Shares of fuel-price-sensitive airline stocks fell sharply, with the NYSE Arca Airline Index slumping 3.4%. Delta Air Lines was the worst performer on the S&P 500, down 5.9%, while Southwest Airlines fell 5.2%.

Stocks moved steadily lower as a string of news reports showed that Iraq is moving closer to an all-out sectarian conflict.

"The headlines make people a little bit nervous, but we're not seeing anything that would resemble a panic," said Ian Winer, director of equity trading at Wedbush Securities.

Stocks started their decline on Wednesday following four-straight record highs for the Dow. The benchmark's 102-point drop was its biggest one-day skid in over three weeks. Traders blamed a confluence of political and economic concerns. The World Bank cut its 2014 global growth target and key House Republican suffered a surprise defeat.
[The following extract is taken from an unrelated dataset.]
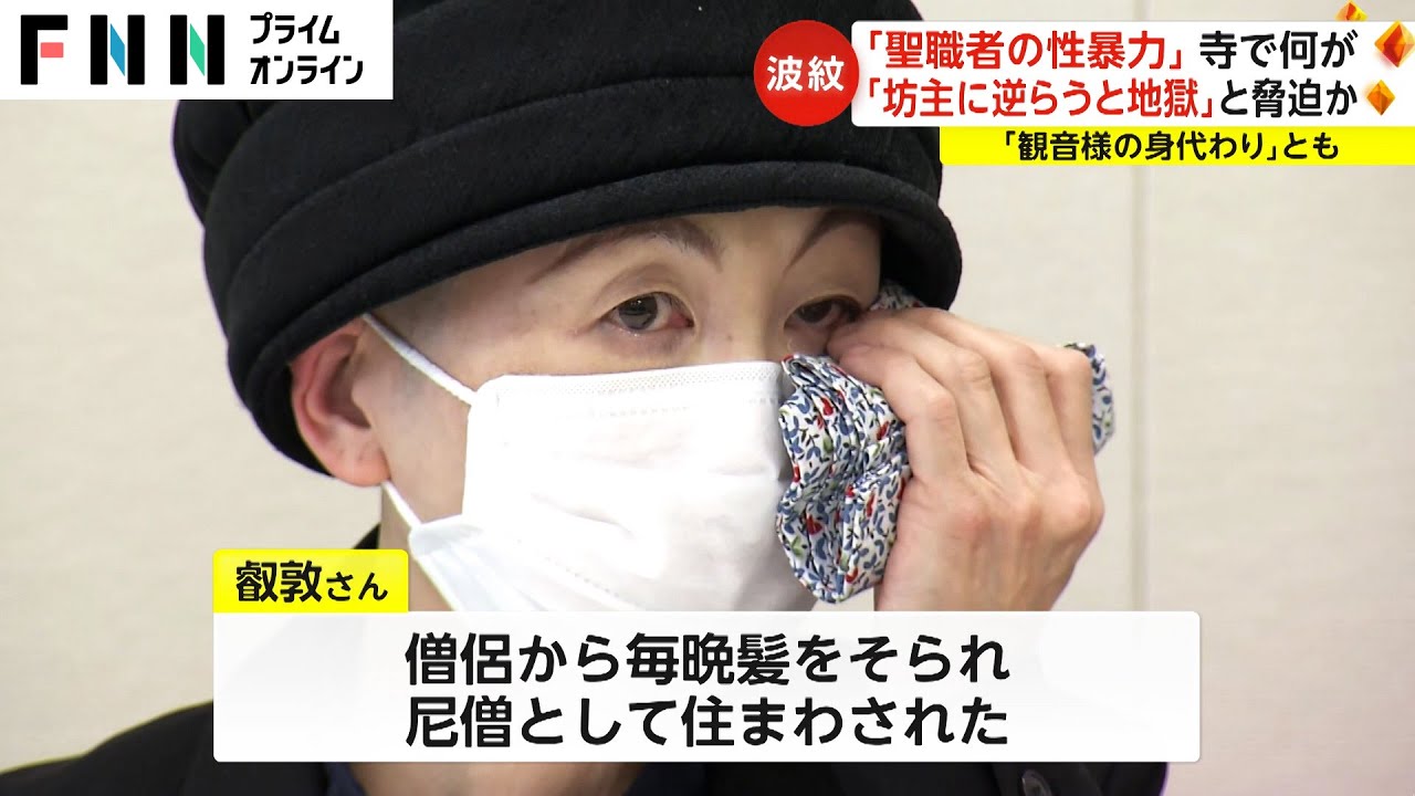 31日午前、東京・千代田区で会見を行った叡敦さん(50代)は、四国にある寺に尼僧として住まわされ、2009年からおよそ14年間にわたり、60代の僧侶から繰り返し性的暴行を受けたと主張している。

On Thursday, economic reports did little to rekindle investor enthusiasm. Retail sales for May increased 0.3% from the previous month, short of expectations for a 0.7% rise. Excluding autos, sales grew 0.1%, versus forecasts of 0.4% growth. Separately, initial claims for jobless benefits edged up 4,000 to 317,000 in the latest week, topping estimates of 310,000.

"It's been a slow recovery with fits and starts," said Lawrence Creatura, a small-cap fund portfolio manager at Federated Investors, which oversees $366 billion. Still, Mr. Creatura has been buying shares of retail and energy companies on the view that the outlook for growth is steadily improving.
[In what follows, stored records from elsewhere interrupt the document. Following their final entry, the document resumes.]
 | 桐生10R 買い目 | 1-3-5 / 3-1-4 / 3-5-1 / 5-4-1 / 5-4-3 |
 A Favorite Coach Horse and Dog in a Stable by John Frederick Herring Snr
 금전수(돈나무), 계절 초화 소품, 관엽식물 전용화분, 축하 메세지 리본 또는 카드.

Paul Nolte, portfolio manager at Chicago's Kingsview Asset Management, wasn't making any portfolio changes this week based on political and economic developments. He said the U.S. economy is on the upswing and that the Federal Reserve remains committed to its low interest rate policy even as it dials back monthly stimulus efforts.

"It has been a little harder to put money to work because valuations are stretched," he said. A pullback from all-time highs would present "an opportunity to add to some of our holdings," he said, specifically in energy shares.

The yield on the 10-year Treasury note slipped to 2.582%, after settling at a one-month high of 2.642% late Wednesday. Gold futures gained 1% to $1,273.60 a troy ounce. The dollar slipped against the yen and the euro.

The Stoxx Europe 600 gained less than 0.1%. Industrial production in the euro zone increased more than expected in April.

Asian markets were mostly lower. Japan's Nikkei Stock Average fell 0.6% and China's Shanghai Composite lost 0.2%.

In corporate news, Lululemon Athletica slid 16% after the yoga gear maker provided a fiscal-second-quarter earnings and revenue outlook that was below current analyst projections and lowered its full-year outlook. The company also said its chief financial officer, John Currie, plans to retire at the end of the fiscal year. Lululemon unveiled a $450 million stock buyback program.

Dow component Intel slipped 0.3% after the European Union upheld its fine of about $1.43 billion against the semiconductor firm for abusing its dominant position in the microprocessor market.

Restoration Hardware rallied 13% after the home-furnishings retailer reported late Wednesday fiscal-first-quarter adjusted earnings and revenue that rose above analyst estimates and raised its full-year outlook.